##### Input

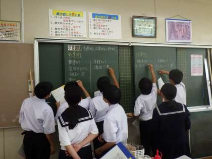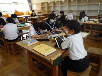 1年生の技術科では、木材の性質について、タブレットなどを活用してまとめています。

##########
##### Input

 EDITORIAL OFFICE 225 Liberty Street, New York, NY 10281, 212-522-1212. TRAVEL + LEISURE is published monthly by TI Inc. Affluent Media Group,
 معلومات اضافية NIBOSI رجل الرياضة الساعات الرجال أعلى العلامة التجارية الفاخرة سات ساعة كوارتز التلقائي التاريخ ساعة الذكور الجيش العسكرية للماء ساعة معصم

##########

• Exercise objective
Working from the data above, extract solely the lines from the one containing "EDITORIAL OFFICE 225" through the one containing "معلومات اضافية NIBOSI", exactly as they appear, both included.

• Worked solution
 EDITORIAL OFFICE 225 Liberty Street, New York, NY 10281, 212-522-1212. TRAVEL + LEISURE is published monthly by TI Inc. Affluent Media Group,
 معلومات اضافية NIBOSI رجل الرياضة الساعات الرجال أعلى العلامة التجارية الفاخرة سات ساعة كوارتز التلقائي التاريخ ساعة الذكور الجيش العسكرية للماء ساعة معصم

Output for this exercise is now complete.